(Beginning of GIVEN INFORMATION)

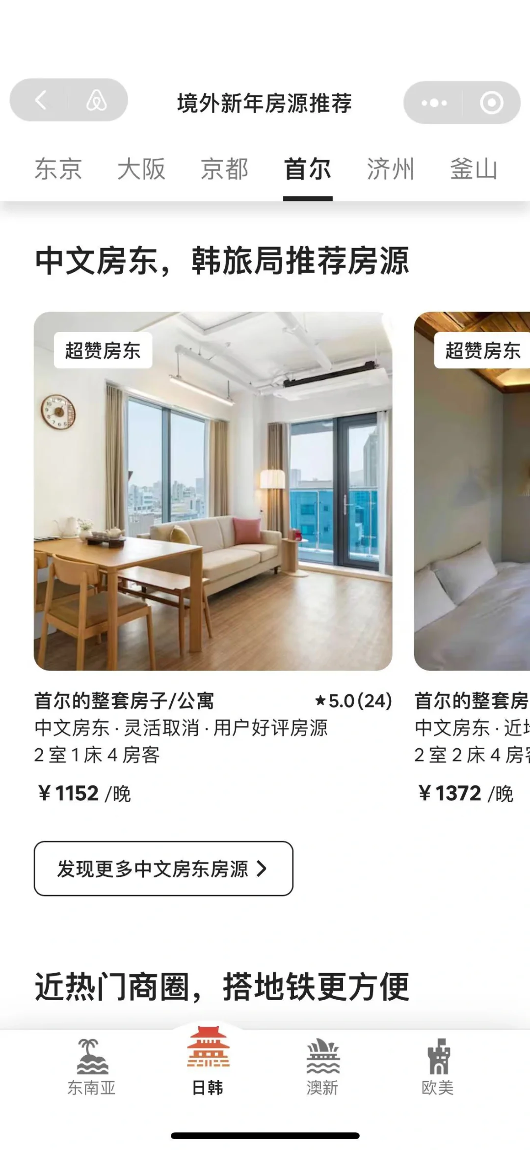 韩国的住宿推荐住民宿,能更有烟火气地体验到韩国旅行,我一般会去到ABB上预订民宿,上面有韩旅局推荐的民宿!好看不踩雷~
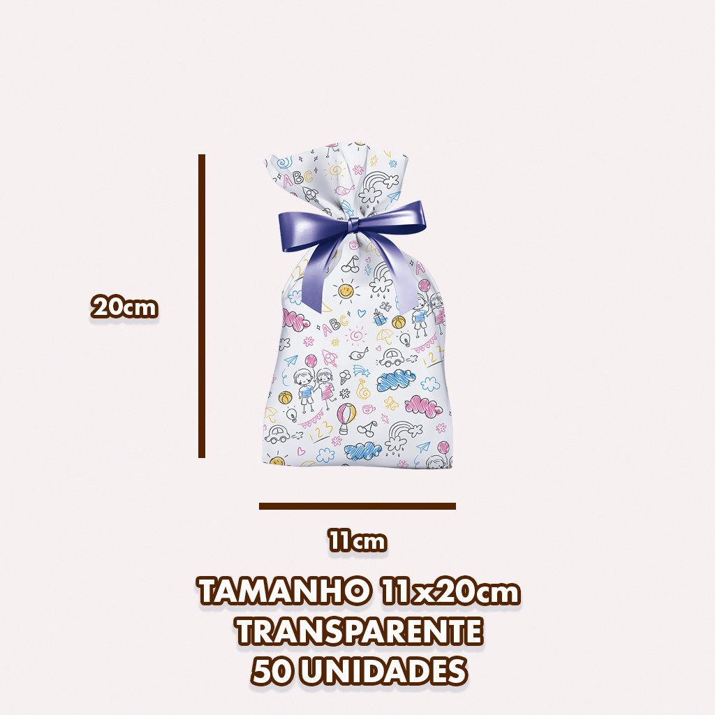 50 Saco Decorado Transparente 11x20
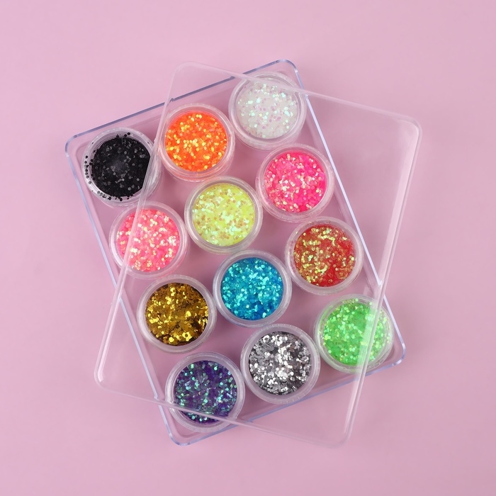 Блёстки для декора ногтей, крупные, набор 12 баночек, в пластиковом органайзере, разноцветные
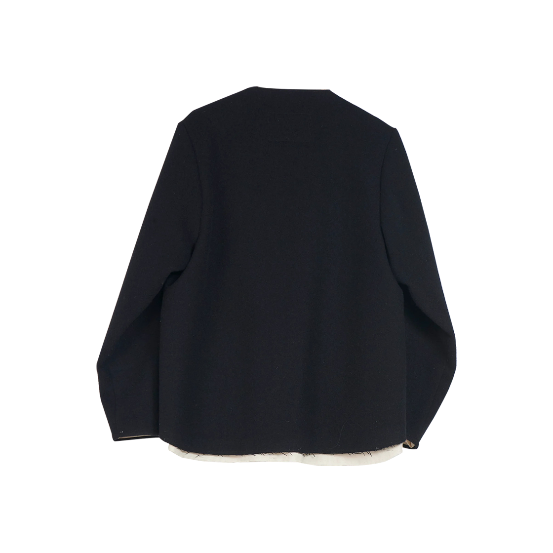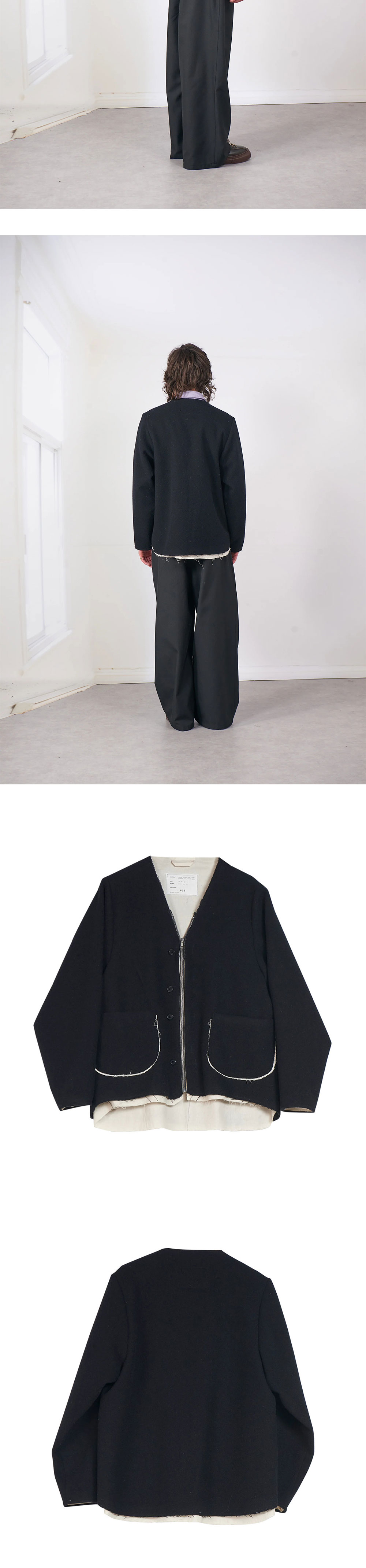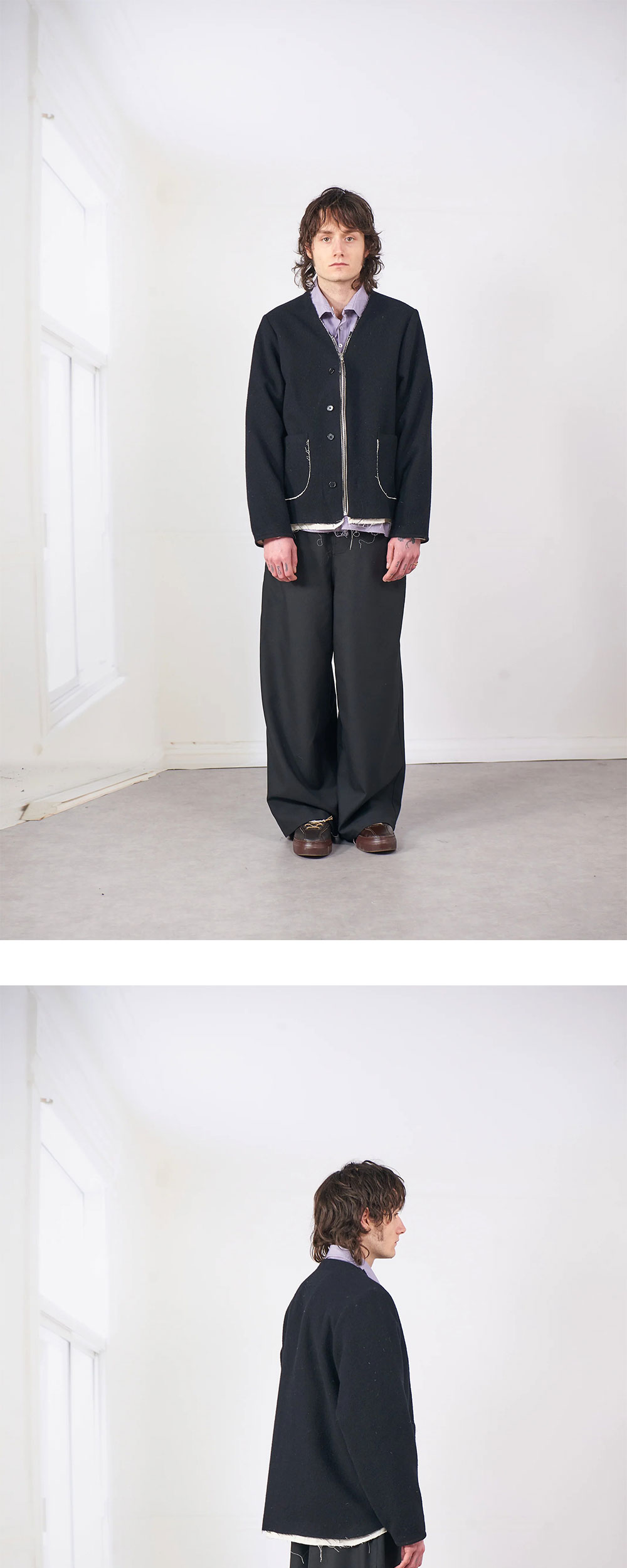 카미엘 포트젠스 카디 비 블랙입니다. - 브이넥 울 가디건 - 지퍼 및 버튼 클로저 - 로우 디테일 - 밑단 흰 안감 노출 - 패치 포켓

(End of GIVEN INFORMATION)

● REQUIRED ACTION
Could you give the listing above again word for word, without any pictures?

● ANSWER TO THIS PROBLEM
 韩国的住宿推荐住民宿,能更有烟火气地体验到韩国旅行,我一般会去到ABB上预订民宿,上面有韩旅局推荐的民宿!好看不踩雷~
 50 Saco Decorado Transparente 11x20
 Блёстки для декора ногтей, крупные, набор 12 баночек, в пластиковом органайзере, разноцветные
 카미엘 포트젠스 카디 비 블랙입니다. - 브이넥 울 가디건 - 지퍼 및 버튼 클로저 - 로우 디테일 - 밑단 흰 안감 노출 - 패치 포켓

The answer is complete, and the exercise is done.